Improve Feature hook API and pickle round-trip #2099
Improve Feature hook API and pickle round-trip #2099ricardoV94 merged 14 commits intopymc-devs:mainfrom
Conversation
…(no consumers yet)
…onsistent_ to validate/consistent
…pickle_rm_attr/unpickle and history-strip __getstate__
…rs set to _destroying_apps; fix destroy_handler typo in on_detach
…__getstate__/__setstate__ pickle plumbing
…k registry; switch execute_callbacks/collect_callbacks to use it
|
question: why are we now rewriting pickled fgraphs (and never did before)? Is it scan in numba only compiled/evaled after multiprocessing split? frozen fgraphs? Not relevant for the fix itself just for my mental model |
|
It's not exclusive to scan, I can trigger the error with a regular GLM by using My guess is there's a subtle difference in the multiprocessing code between |
pm sample evals the function at leastonce (init nuts jitter to find a valid point). If you don't eval you don't trigger numba compile. I assume this requires an inner graph that gets rewritten though (ofg or scan). It may make sense to force compilation before the dispatch (or you end up doing the same work per process for no gain). Fix is still valid but can you confirm? |
|
I can't consistently trigger the bug from a trivial MWE, so i'm not sure how to test that |
bdd93f5 to
b9d32e4
Compare
We can read the correctness out of this one. It may require cloudpickle specifically. You also need a rewrite that would back-out (like try inplace eagerly and then find out it's invalid) |
|
MWE: import pickle
import pytensor
import pytensor.tensor as pt
x = pt.vector("x", shape=(5,))
ofg = pytensor.OpFromGraph([x], [x[[0, 1, 2]].set(1)])
f = pytensor.function([x], ofg(x), mode="NUMBA")

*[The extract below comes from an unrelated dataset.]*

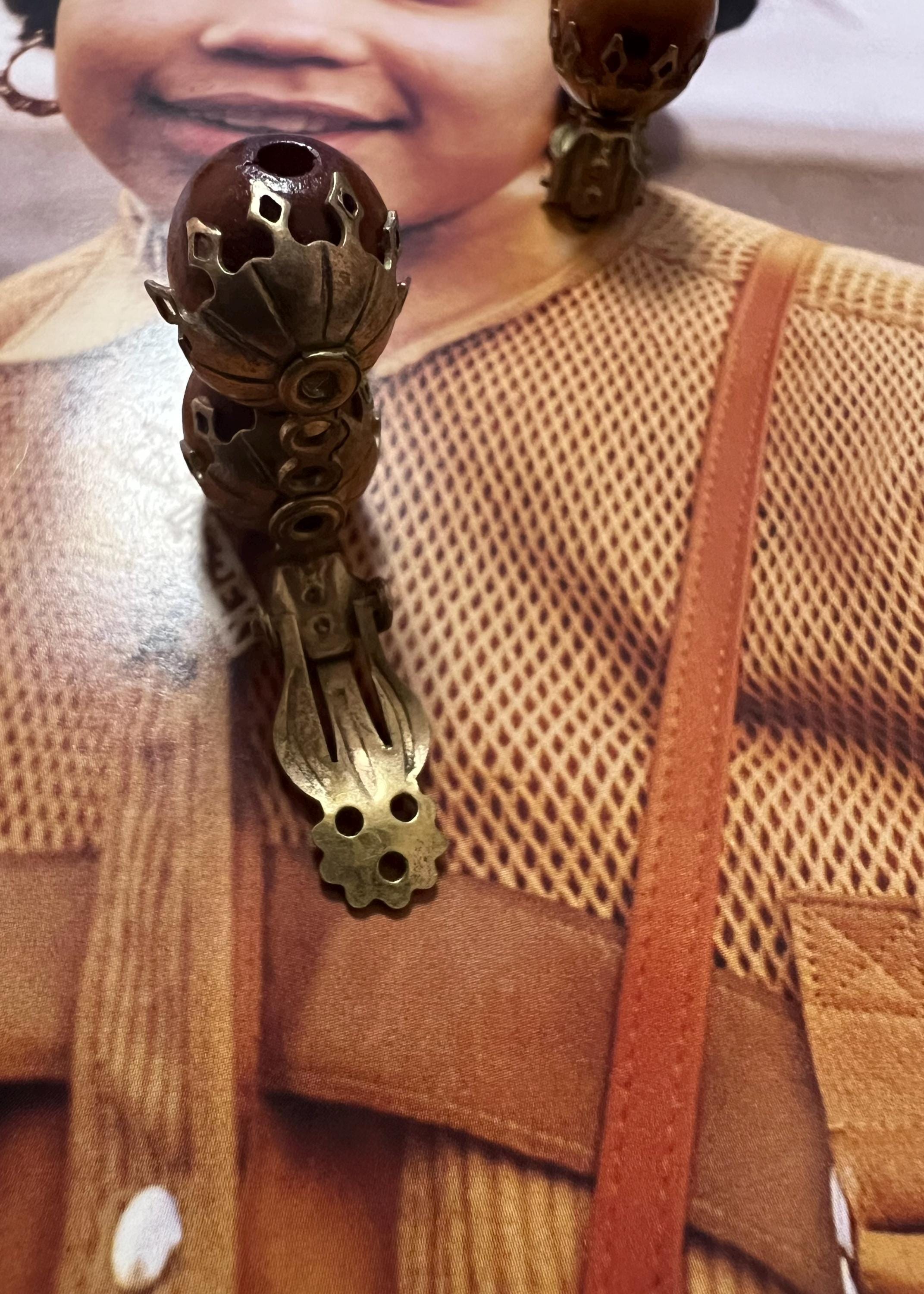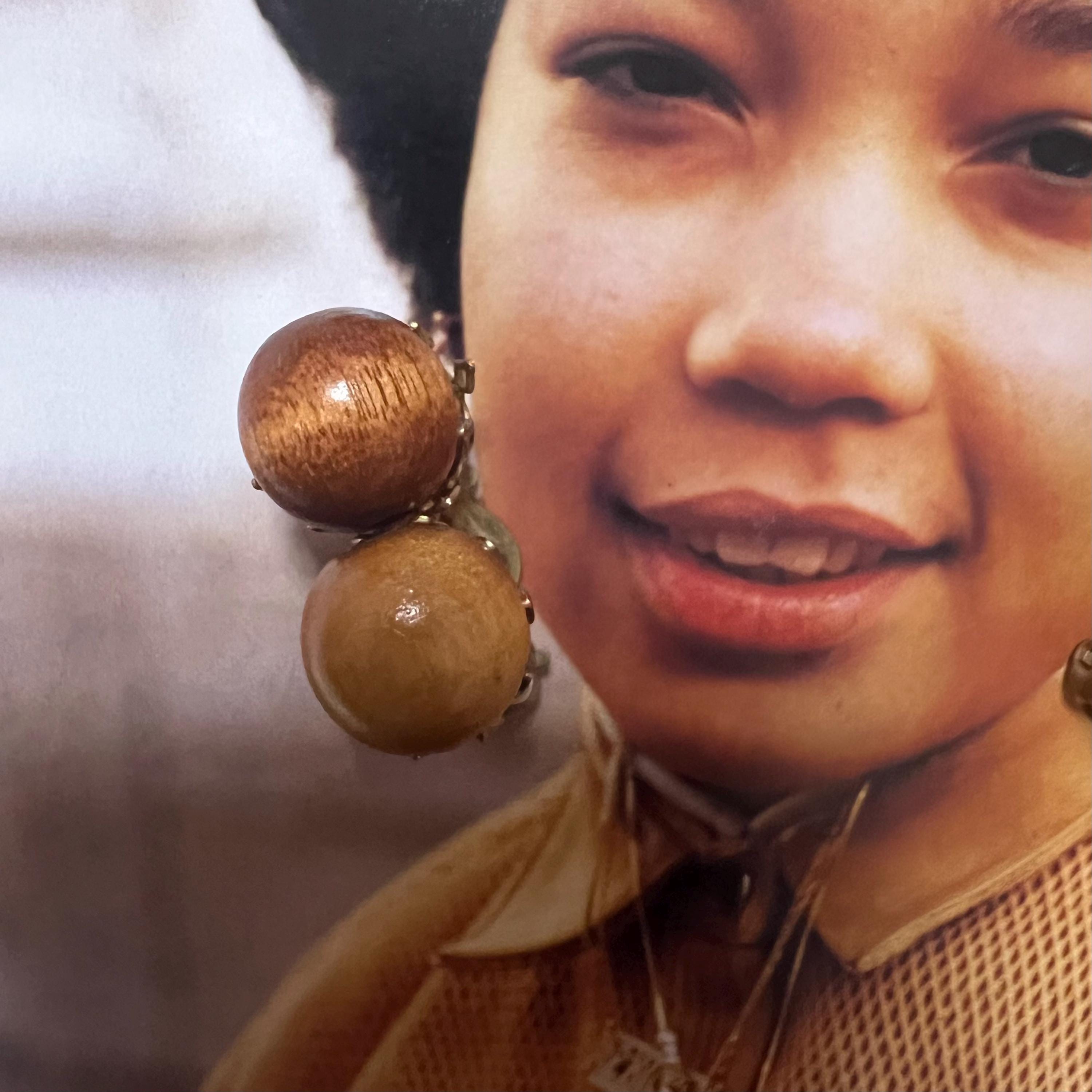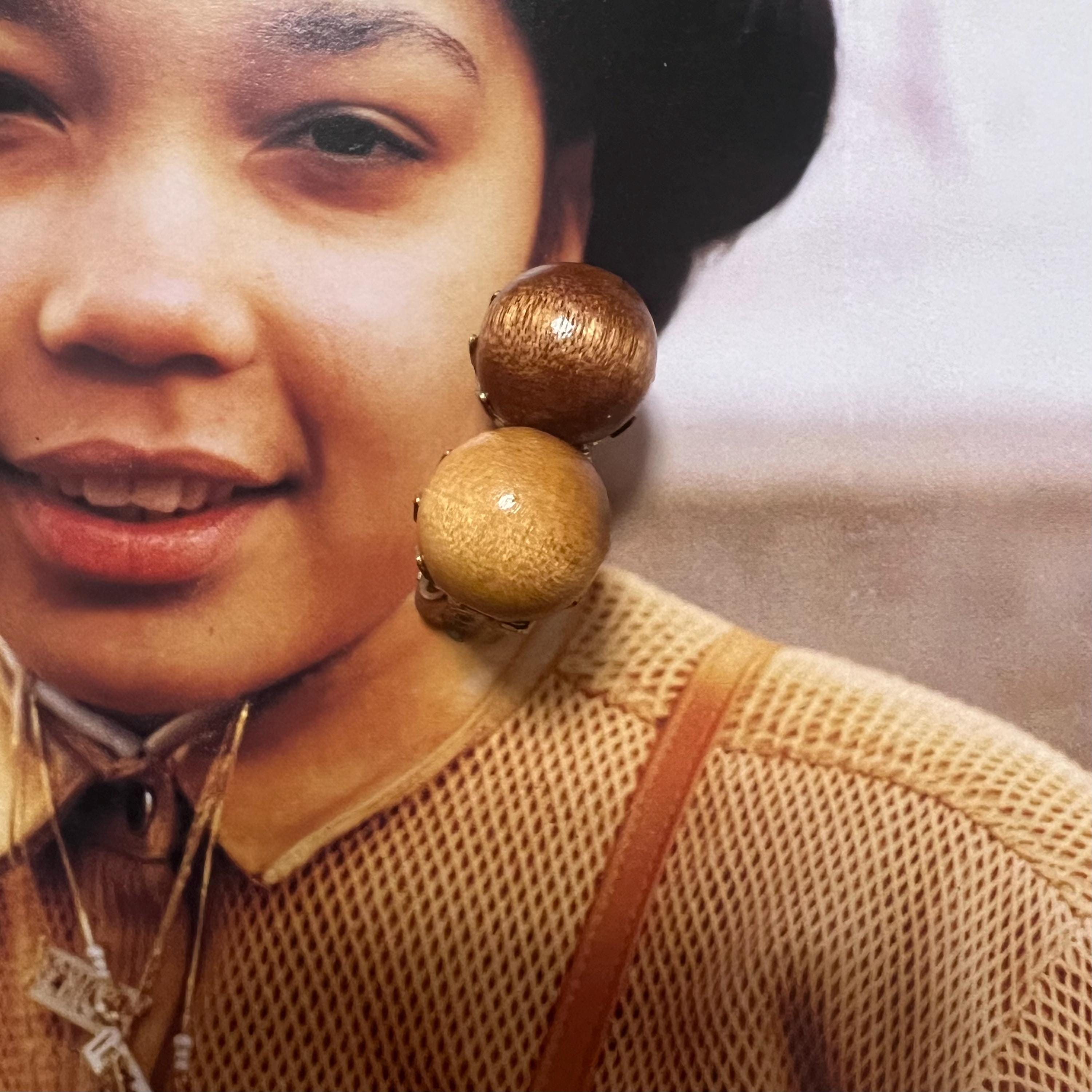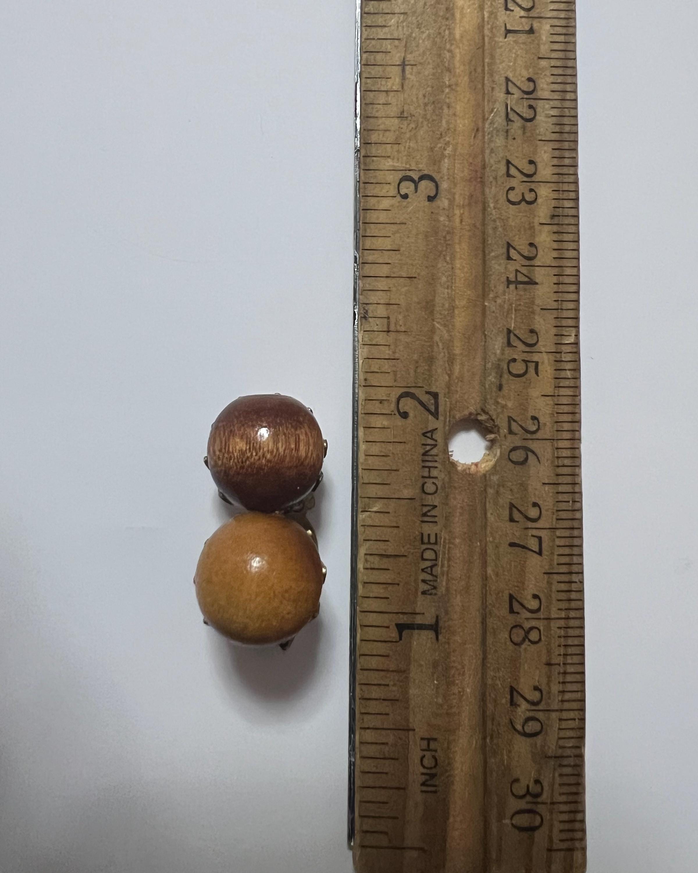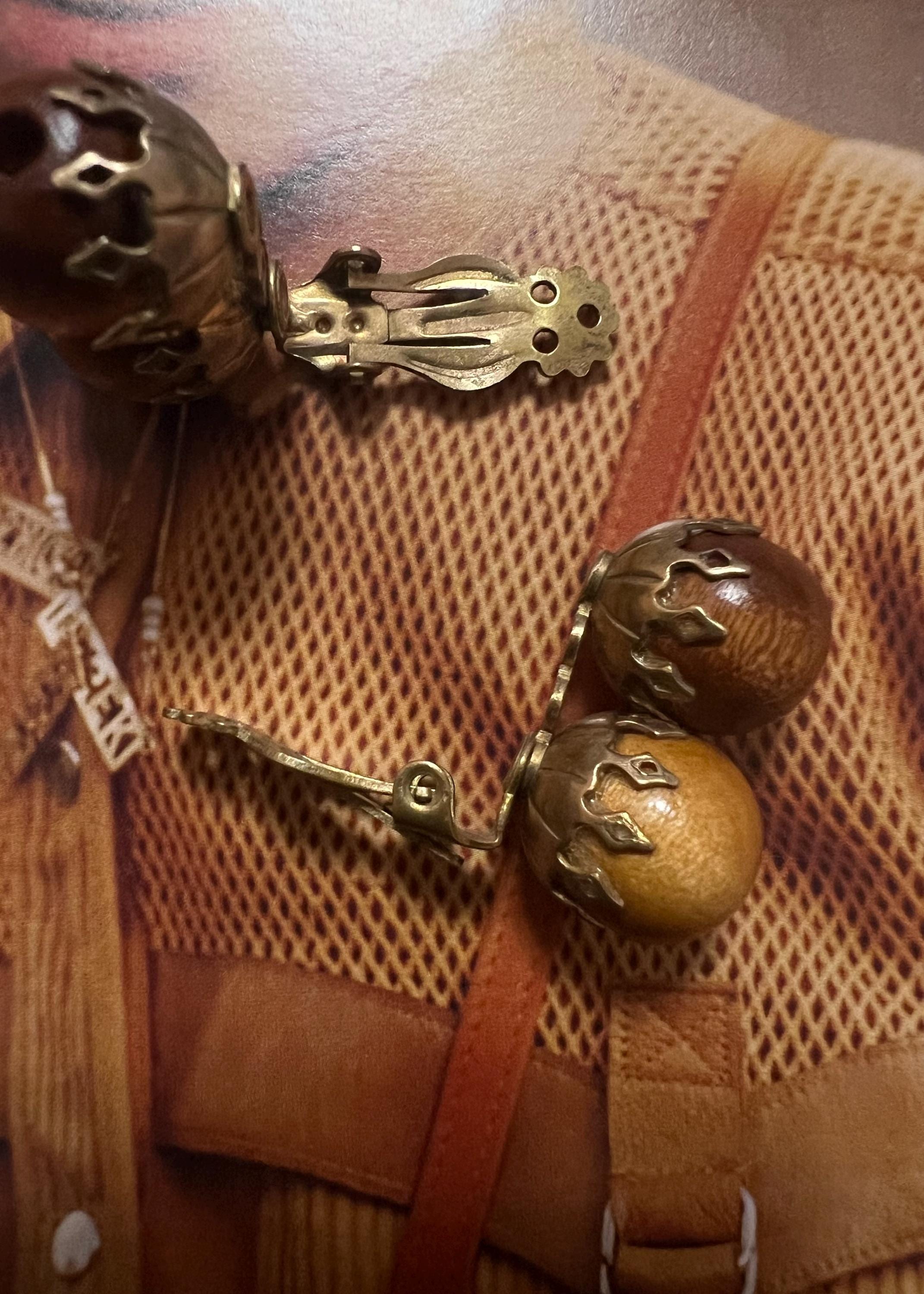 Unique artisan-style, 1970s bead drop clip-on earrings. True vintage statement piece that channels the era's love for sculptural, artistic jewelry. Features stacked orb wooden beads set in warm metallic tones. Measures 2 inches in length, these earrings bring movement, shape, and an effortless Afro-Bohemian energy to any look. Lightweight enough for everyday wear but dramatic enough for a night out. Pair beautifully with vintage denim, mesh tops, leather, or any modern wardrobe that needs a spark of retro texture. These gems have been well cared for and are in great vintage, with some signs of surface wear consistent with age.

pickle.loads(pickle.dumps(f, protocol=-1)) |
|
This is happening because on pickling the numba dispatch is regtriggered, and the OFG is optimized again... one more point for rewrite inner graphs as part of the global rewrite and do only transpilation at dispatch time |
|
I'm pushing a simplification, no hack to make node/graph rewrite pickable (they shouldn't have to be), and the current approach would break for rewrites defined dynmacially/inside a function). Reason is only used for string repr why a change happened, so just keep the string in pickling. |
|
Follow up: reason should always be a string, not an actual rewrite, it's only ever used for compiler_verbose printing anyway. |
|
Nice, you were right that |
I have been periodically hitting rewrite failures in PyMC, it turns out due to pickle roundtripping of
fgraphthat have been partially rewritten. Here is the specific error:How we got here
History originally monkey-patched fgraph.checkpoint with a lambda, but lambdas aren't pickleable. Commit 2dc5129 added pickle_rm_attr to strip those lambdas off fgraph.dict on pickle. The history dict itself was also full of lambdas, so a
__getstate__onReplaceValidatedropped it too. Commit ddb24d7 then replaced the closures with pickleable classes (GetCheckpoint,LambdaExtract), making history pickleable in principle — but never undid the strip, and never added restoration code on the unpickle side.So unpickle reinstalls fgraph.checkpoint but doesn't recreate self.history. The next
replace_all_validatecallsfgraph.checkpoint()and crashes. Latent for 11 years because nothing pickled a fgraph and then re-rewrote it. I think I hit it because we're doingrewrite_pregradon pymc models, then pickle the graph and finish compiling on workers, but only in certain multiprocessing harnesses (pm.sample_smc,pmx.fit_pathfinder).Why a refactor instead of a patch
I started with a one-line restoration of history, but the underlying Feature API has two hand-maintained matched pairs that know nothing about each other:
pickle_rm_attr <-> unpickle, and__getstate__ <-> __setstate__. They have to stay in sync or pickle bugs of this exact shape sneak in. The same bug existed unfound for execute_callbacks_times, which my initial patch immediately surfaced.What this PR does
Feature methods now belong to one of two groups, declared explicitly:
dispatches registered callbacks.
fgraph.<name>(...)and resolves via__getattr__tofeature.<name>(fgraph, ...).Two advantages:
FunctionGraphchecks a whitelist of names instead of loopingthrough _features with try/except on every callback.
__getstate__and__setstate__, and everything works.The only remaining hack:
execute_callbacks_timesis now a lazy property, so it never lands in__dict__and doesn't need special handling on pickle. I don't love it, but it works.